“Semantic technologies may be unfamiliar, but when you have used them for a while you will realise they are no harder than many other technologies…in fact I would argue they are easier.”– John Goodwin.
On the topics of Semantic web technologies, ontology engineering, and linked data, I have interviewed John Goodwin. John is Principal Scientist in the Research Department of Ordnance Survey, which is Great Britain’s National Mapping Authority.
Q1. You are a senior data scientist at the Ordnance Survey, Great Britain’s national mapping agency. What is your role there?
John Goodwin: I am a Principal Scientist in the Research Department of Ordnance Survey, which is Great Britain’s National Mapping Authority [note: we are authorities now…not agencies].
I have worked in research for Ordnance Survey for over 10 years now, and my research was mainly focused in semantic web technologies, ontology engineering and linked data. The Principal Scientist role is a fairly new one for me, and as part of this role I am now responsibly for a stream of research work around data management, data delivery and web services. This involves looking at new and novel technologies that ensure we have the correct infrastructure and data models to meet the challenges of the future. Furthermore, it is investigating new ways we can serve our our data to the end customer.
Q2. Do you have a Big Data problem at the at the Ordnance Survey? Could you please give us some examples of Big Data Use Cases?
John Goodwin:Hmmm, that is debatable. Ordnance Survey certainly has big ‘data problems’ but I don’t know if they qualify as ‘big data’ problems. I have heard Big Data defined as any data that won’t fit into Excel (which is a definition I personally hate), and if that is the case then we certainly have ‘Big Data’. Ordnance Survey currently stores information about half a billion topographic features, and 27.5 million geocoded address (with around 500,000 changes a year). So we may not have the sheer volume of data that some folk have, but I believe the combination of volume and complexity means that performing analysis over this data or running queries would certainly be a ‘Big Data’ problem.
For example, if you wanted to calculate the number of postboxes in Scotland, find the length of all roads in Great Britain you could be waiting some time using traditional database solutions.
Q3. The vision of the Semantic Web is the one where web pages contain self describing data that machines will be able to navigate them as easily as humans do now. What are the main benefits? Who could profit most from the Semantics Web?
John Goodwin: I think an immediate benefit is the ability to provide more structured data to search engines so that they can provide better search services. Structured web content means more meaningful search results and offers new ways to summarise and present summaries of pages in a search engine.

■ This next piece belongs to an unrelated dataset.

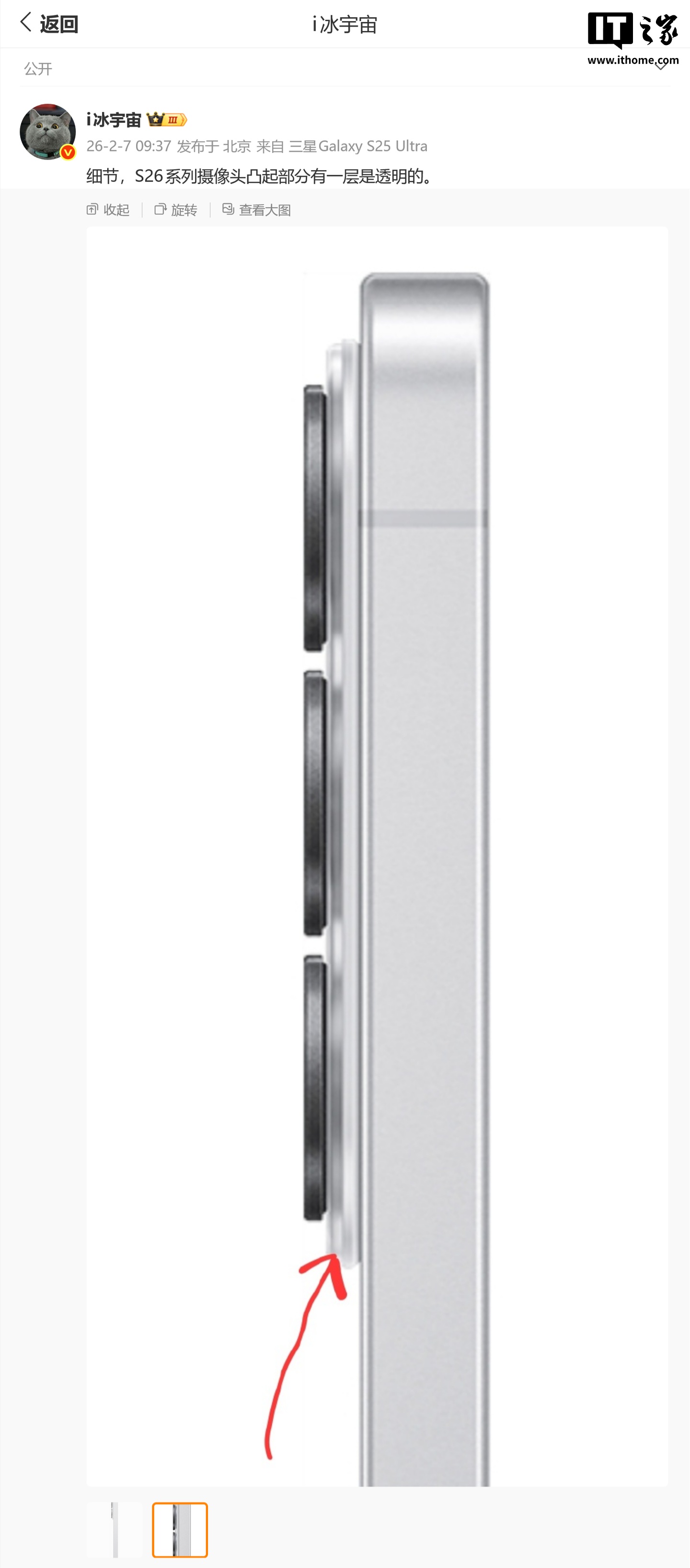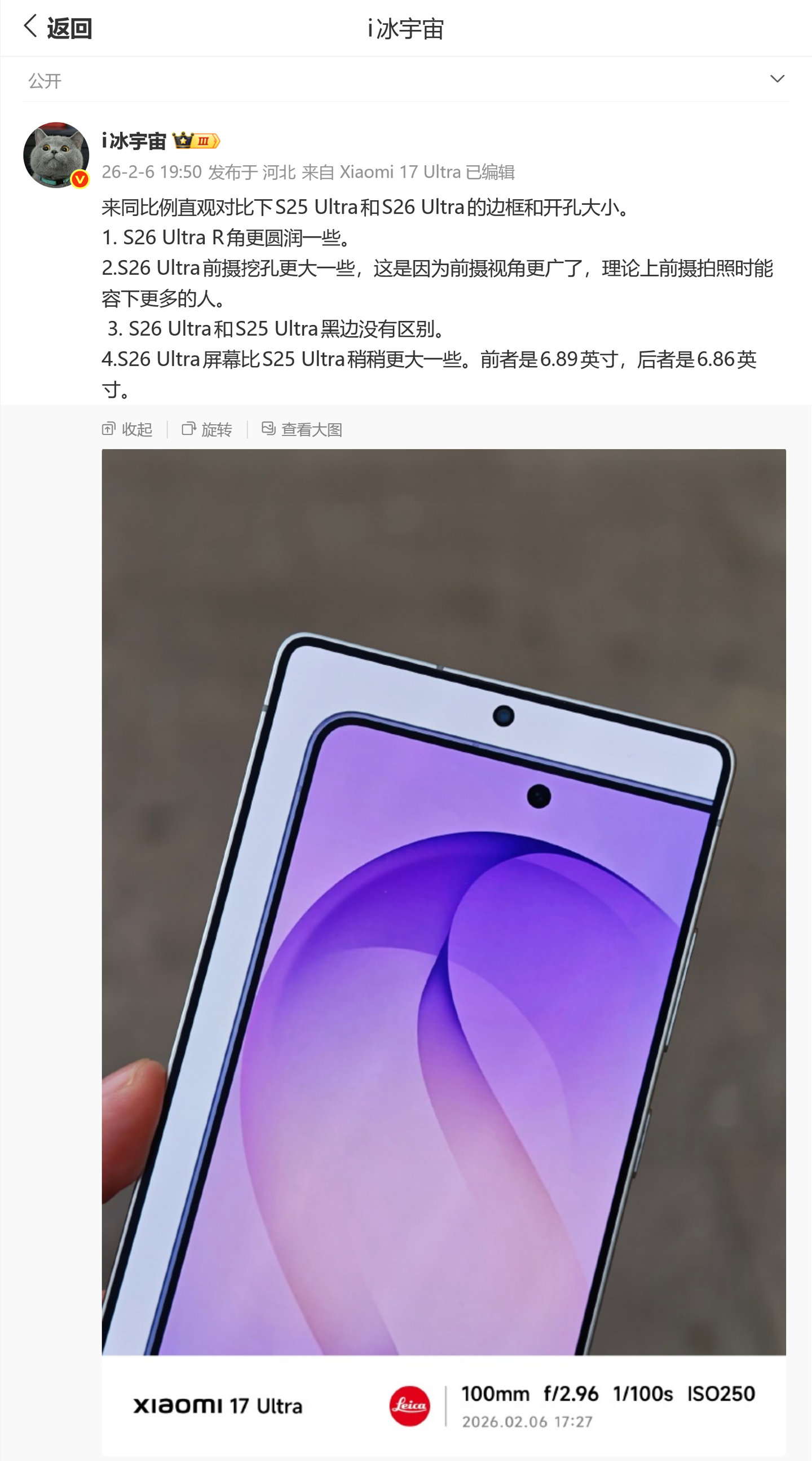 IT之家 2 月 7 日消息,消息源 @i冰宇宙 昨日(2 月 6 日)发布微博,分享了一张图片,同比例直观对比三星 Galaxy S25 Ultra 和 S26 Ultra 的边框和开孔大小。

Q4. Who is currently using Semantic Web technologies and how? Could you please give us some examples of current commercial projects?
John Goodwin: One interesting example is a company called Garlik (now part of Experian). Garlik provides services to protect people from identify theft and financial fraud. They use semantic web technologies to integrate a number of different datasets, and provide a flexible way to integrate new datasets so they can perform queries across these datasets to find potential victims more easily. The BBC are a great users of linked data technology and used triplestore technologies as part of their content management systems for their World Cup and Olympics websites. Again the flexibility of the technology, and ability to link data across the whole of the BBC proved invaluable.

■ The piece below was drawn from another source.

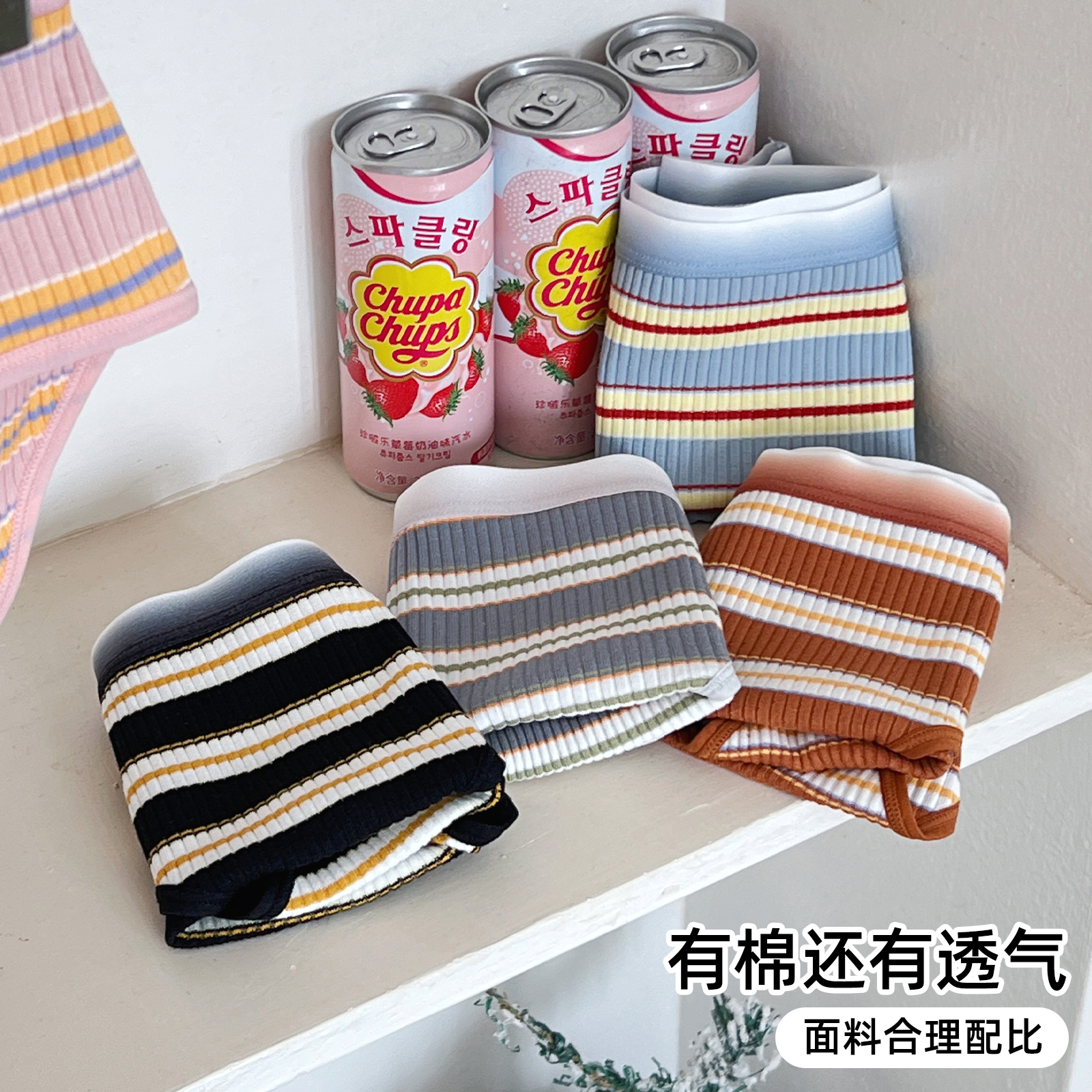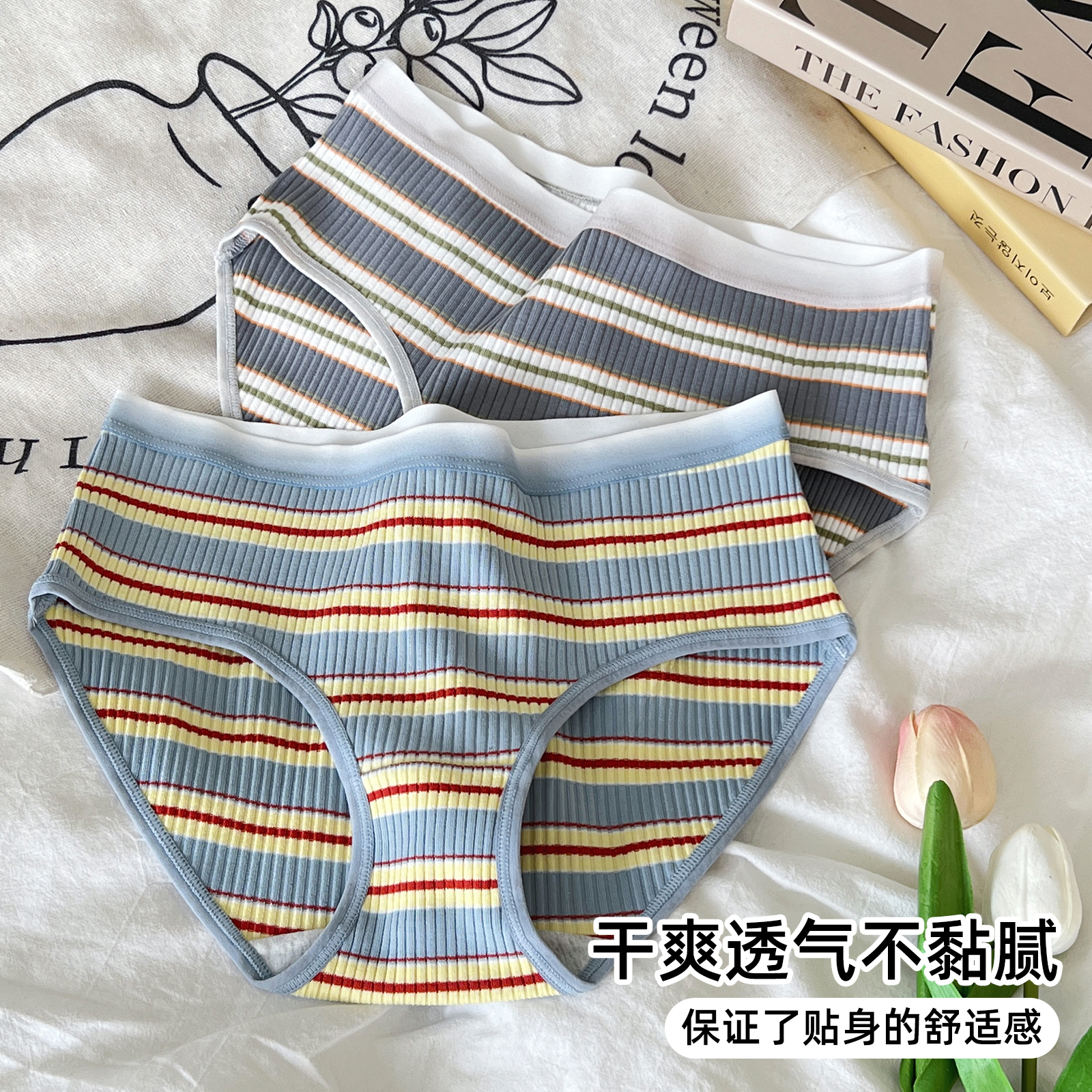 六只兔子5A抗菌内裤女纯棉透气底裆条纹三角裤短裤中腰弹力裤头

We are using linked data technologies at Ordnance Survey in research projects to look at way of integrating our data with third party data.
The major search engines are back an initiative called schema.org which will provide a unified schema for structure data in web content, and this has the potential (as mentioned above) to provide a richer search experience.

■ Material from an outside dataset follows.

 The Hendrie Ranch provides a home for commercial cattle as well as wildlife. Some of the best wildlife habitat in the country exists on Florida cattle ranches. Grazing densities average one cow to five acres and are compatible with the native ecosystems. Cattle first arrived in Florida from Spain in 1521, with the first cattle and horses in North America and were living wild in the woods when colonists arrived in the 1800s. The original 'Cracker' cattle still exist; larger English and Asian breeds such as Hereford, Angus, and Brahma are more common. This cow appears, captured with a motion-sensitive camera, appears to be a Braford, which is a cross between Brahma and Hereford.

Q5. Do you use Linked Data? What are the main benefits of Linked Data in your opinion?
John Goodwin: I am a big supporter of linked data, and this has been the focus of my work for the last few years. I have used it in research projects and also produced the Ordnance Survey linked data.
Linked data is great for data integration – a common data language makes it easy (or rather easier) to bring a number of disparate datasets together. It is also more flexible than traditional relational database technologies. Like other NoSQL technologies linked data can be seen as ‘schemaless’ to some extent. This means if you want to change the datamode by, say, adding new attributes or properties it is very easy to do so. Furthermore, and this is a more personal thing, I find graphs to be the most natural way to think about data. It feel far more intuitive and I have to say I think querying graph data using SPARQL is far easier than querying relation data using SQL (especially if you have a lot of joins).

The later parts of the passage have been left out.